О бедный, зачем ты читаешь перед сном речи Цицерона или услаждаешься историческими заповедями Сенеки? Как это безнадежно старо и ничего не приносит. Больная душа, врачуйся у Пречистой. От Нее пошлется такой силы свет, что осветится мрак пещеры и сгинут тени, наваждения. Проснешься, оживешь и выйдешь прочь из заточения. А, понимаю, тебе нравится Шекспир, ты читал “Гамлета” в оригинале и смаковал магический строй Люцифера, эти понадбездные пары и мысли, и “рваный” слог, и вопли мира, и трагический смех шута. А зачем ты буквально влюблялся в Бэкона, в его философию, построенную исключительно одним третьим глазом, дунул - и тотчас возникла мысленная Пизанская башня.

Не скорби, брат. Будем лежать в одной братской могиле, совсем рядом, в вершке друг от друга, всё человечество - одна братская могила. Тогда будет не до индивидуальных захоронений, посрамится враг и этот отчужденный монос бытия: отдельная могилка и забор с острыми стальными копьями, наподобие карточных пик. Для нацеленных в небо - одна братская могила, в нее нам надлежит сойти. Только в ней место тебе и мне. Там сонмы душ, а над ними беломраморная усыпальница и Дева Светов утешает каждого из наиболее нуждающихся, из тех, кому не лежится на месте, кого гложут ужасы и кошмары, из кого холодный пот вышибает страхи, помыслы, в кого горячий жар вгоняет перспективу вечных мук и воздаяние за грехи, большую часть из которых просто не в силах вспомнить мы.

Сирая моя душа... Как часто она сквозила по разным мерзляковским и арбатским переулкам, костромыйкам, российкам, блуждала по кладбищам, синагогам, храмам в нищете: слушала ангельские хоры над бездействующими церквями. Идешь, идешь, и притулишься от усталости; закроешь глаза и заснешь стоя. Как хорошо, как ты свободен! Ни одной ветхой привязанности, ни одной мертвой схемы. Никто над тобой не довлеет, ни к чему тебя не обязывает, никакой ежедневной рутины.

Господи, как мы не способны ценить величайший дар свободы! Как нужны нам рабские сети, ибо среди них процветают зловонные плевелы похоти, без которых мы просто не можем дышать.

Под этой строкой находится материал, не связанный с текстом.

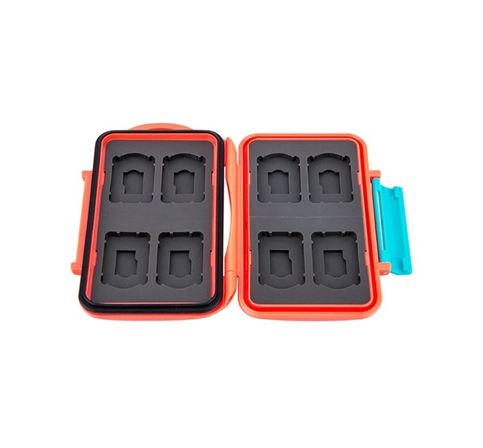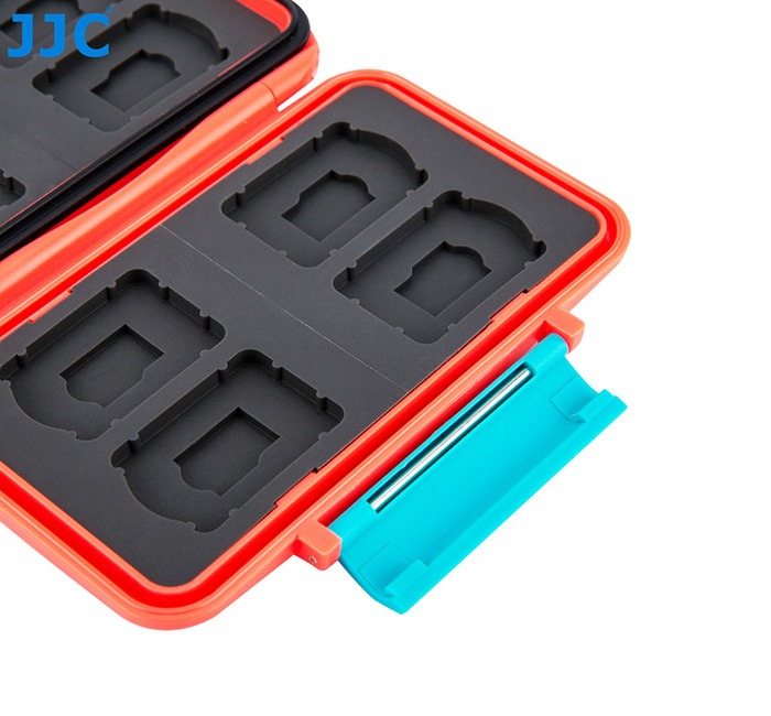 JJC MC-seriens Minneskortsfodral är en tufft vattenbeständigt ABS-fodral för lagring av minneskort. En gjuten skyddsTPU-gummilag skyddar mot skadliga stötar genom att säkra varje minneskort i MC-fodralet. Varje minneskortsplats är strikt anpassad för att passa kortet perfekt och skyddar korten från att åka runt. Fodralet antar en kompakt design, där båda sidorna låter dig lagra minneskort. Den vattentäta silikonförseglingen förhindrar oönskat skräp och vatten från att komma in i höljet. Det ergonomiska låsningssystemet håller korten säkra i minneskortsfodralet medan du enkelt kan öppna den med ditt finger. Dessutom har sidan av höljet ett hål för enkel bärning.

Я так дорожу мысленным пространством, населенным, надышанным моим присутствием, точно этой комнате в Чуйковке надлежит стать кабинетным музеем Александра Дэмюэля или художника Дейнеки, или что-то в этом роде. Бесстыжие мемуары московских воющих шакалов (поэтов). АВ. пишет о своих кумирах: Дейнека, Пастернак. Выбирали колдунов покрепче, с зажженной лампой Алладина в сердце. Могучий “титан”, сильная личность (читай, крепкий колдун: чем крепче, тем притягательнее). И тотчас притекал на печати: “Хочу быть таким же сильным, как ты, поделись!” “Тогда заключай вслед за мной завет с нашим покровителем”. “Кто он?” “Храни молчание, детка, в свой час узнаешь. А пока приноси жертву”. “Какую?” “Жертву смирения и доверия нам”. “Я хочу быть первым и лучшим, самым сильным, самым красивым, знаменитым, великим. Всегда блистать во славе, быть на виду у всех, чтобы имя мое не сходило с уст, чтобы обо мне гимны писались, оды, биографии и притчи”. “Склони ниже голову и я благословлю тебя. Ты мой (слуга лукавого)”. Не так ли заключают завет с духом злобы?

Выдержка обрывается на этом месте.